WARNINGS
HibTITER WILL NOT PROTECT AGAINST H. INFLUENZA OTHER THAN TYPE b STRAINS, NOR WILL HibTITER PROTECT AGAINST OTHER MICROORGANISMS THAT CAUSE MENINGITIS OR SEPTIC DISEASE.
AS WITH ANY INTRAMUSCULAR INJECTION, HibTITER SHOULD BE GIVEN WITH CAUTION TO INFANTS OR CHILDREN WITH THROMBOCYTOPENIA OR ANY COAGULATION DISORDER, OR TO THOSE RECEIVING ANTICOAGULANT THERAPY (SEE DRUG INTERACTIONS).
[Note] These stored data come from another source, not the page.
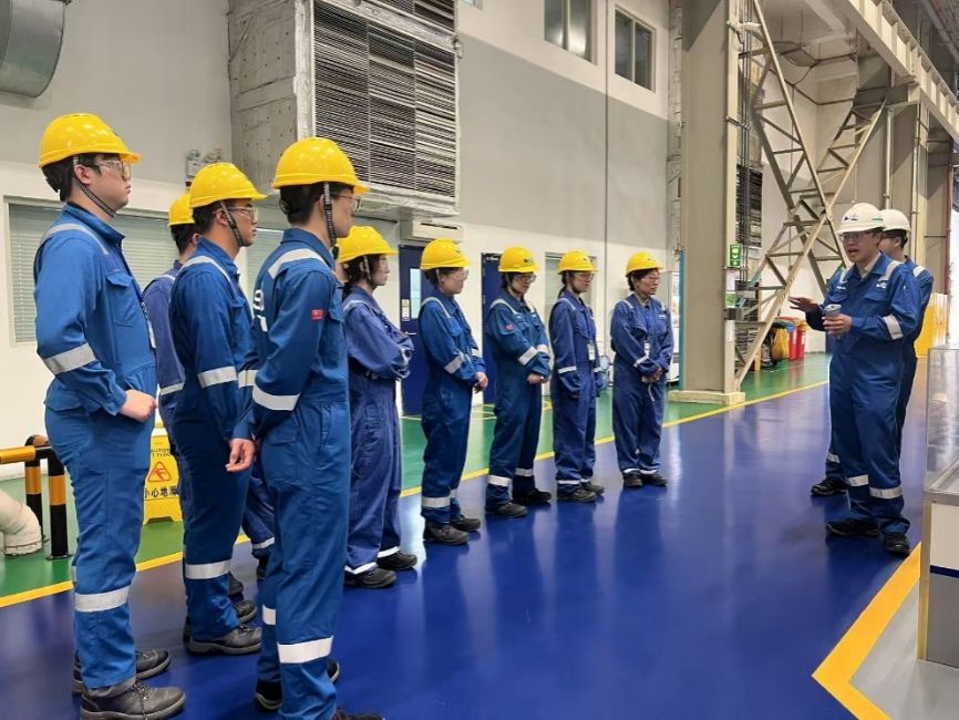 在技术中心及产品中心等厂区参观时,师生们严格遵循公司安全规定,依次完成安全检查流程,认真换上防护服、护目镜等专业装备。在工作人员的细致讲解下,大家深度了解斯伦贝谢完整的产业链布局、高度自动化的生产流程以及丰硕的技术创新成果,对公司的产品设计与发展现状形成更为清晰而全面的认识。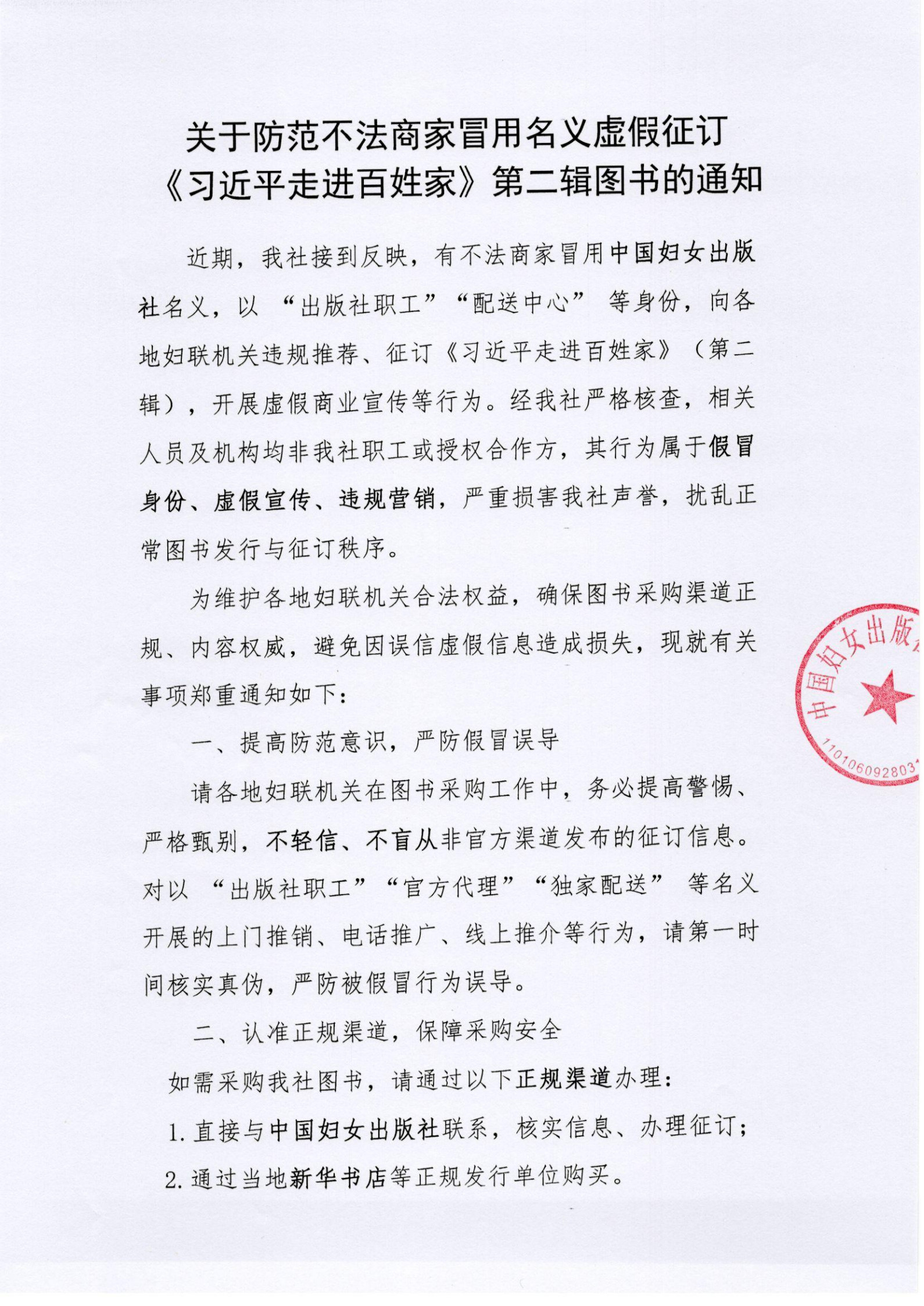 关于防范不法商家冒用名义虚假征订《习近平走进百姓家》第二辑图书的通知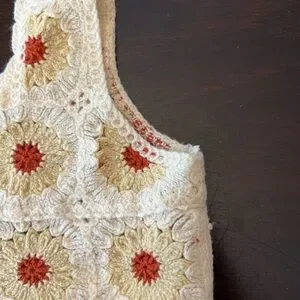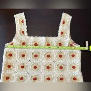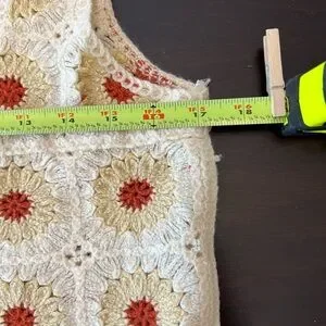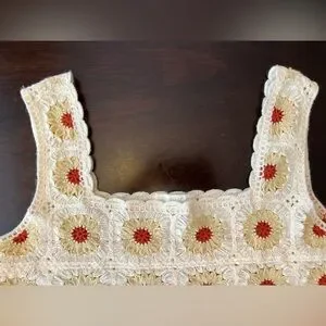 Rebellion Again Sunflower Crochet Top Cream Cropped Floral Womens Size L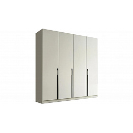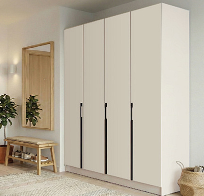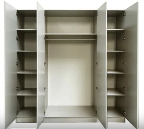 Kombinovaná šatní skříň čtyřdveřová s policemi a šatní tyčí.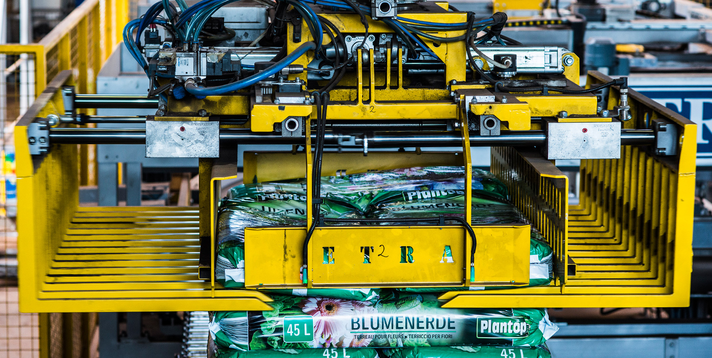 Con un totale di nove linee di impacchettamento del tutto automatizzate, vengono preparati circa 350 000 pallet europei all’anno contenenti terriccio, substrati e prodotti di corteccia pronti per la consegna.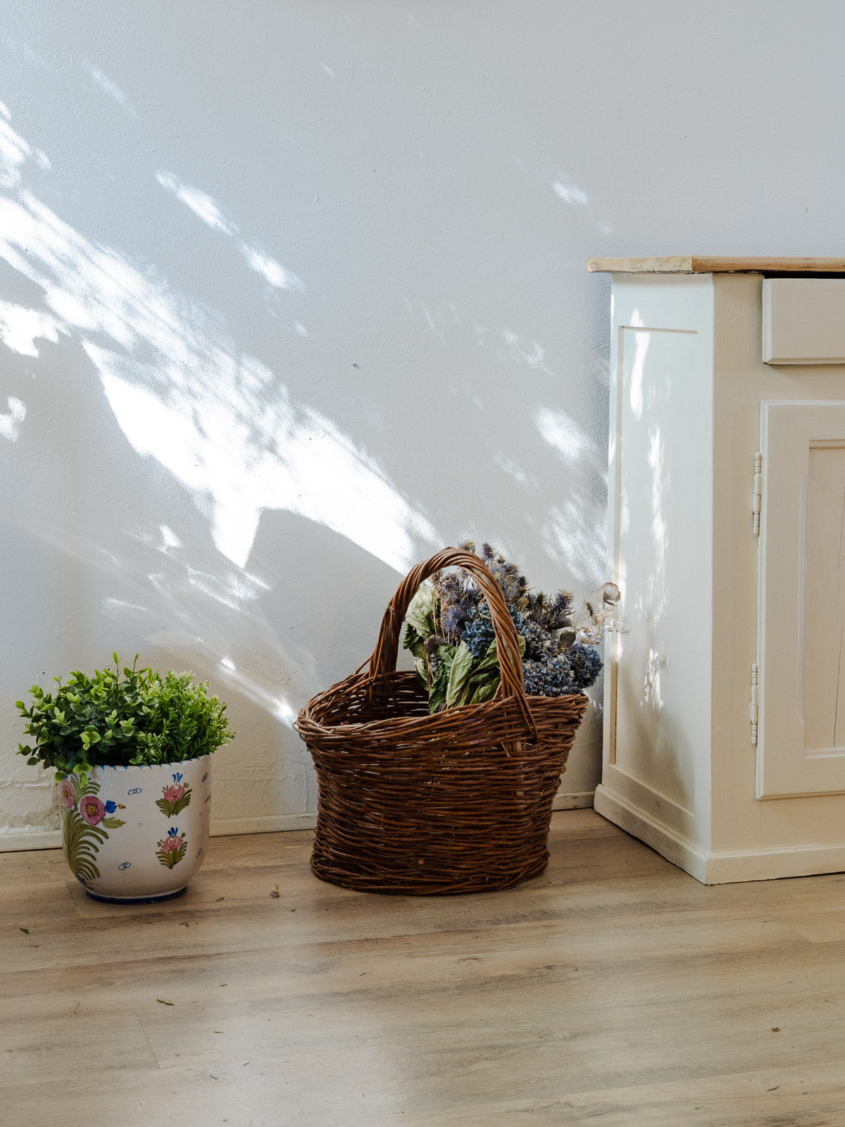 Adoptez ce panier à anse en osier, mêlant rusticité et élégance naturelle. Sa structure légère mais robuste accueille facilement vos courses, plaids ou bouquets et s'intègre avec grâce à une cuisine, une entrée ou un coin pique-nique. La teinte chaude de l'osier apporte une note authentique et chaleureuse, au charme discret, à vos objets du quotidien. Quelques traces du temps présentes.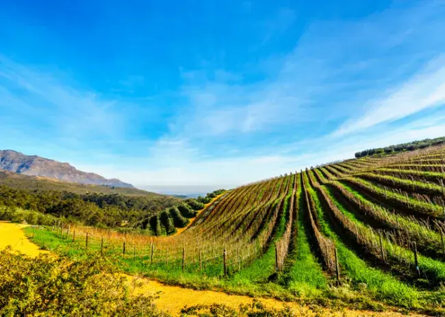 The vineyards are positioned primarily on cooler south to southeast facing slopes, at an altitude ranging from 650 to 850 feet above sea level. Cooling afternoon breezes from False Bay provide natural air conditioning for the vineyards during the warm summer months, cooling the temperatures by an average 18+ degrees. The vineyards were converted to organic farming practices in 2014.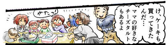 パパ 「ケーキも買ってきたよ…ママの好きなチーズタルトもあるよ」

ANTIGENURIA HAS BEEN DETECTED FOLLOWING RECEIPT OF HAEMOPHILUS b CONJUGATE VACCINE36 AND THEREFORE ANTIGEN DETECTION IN URINE MAY NOT HAVE DIAGNOSTIC VALUE IN SUSPECTED HAEMOPHILUS b DISEASE WITHIN 2 WEEKS OF IMMUNIZATION.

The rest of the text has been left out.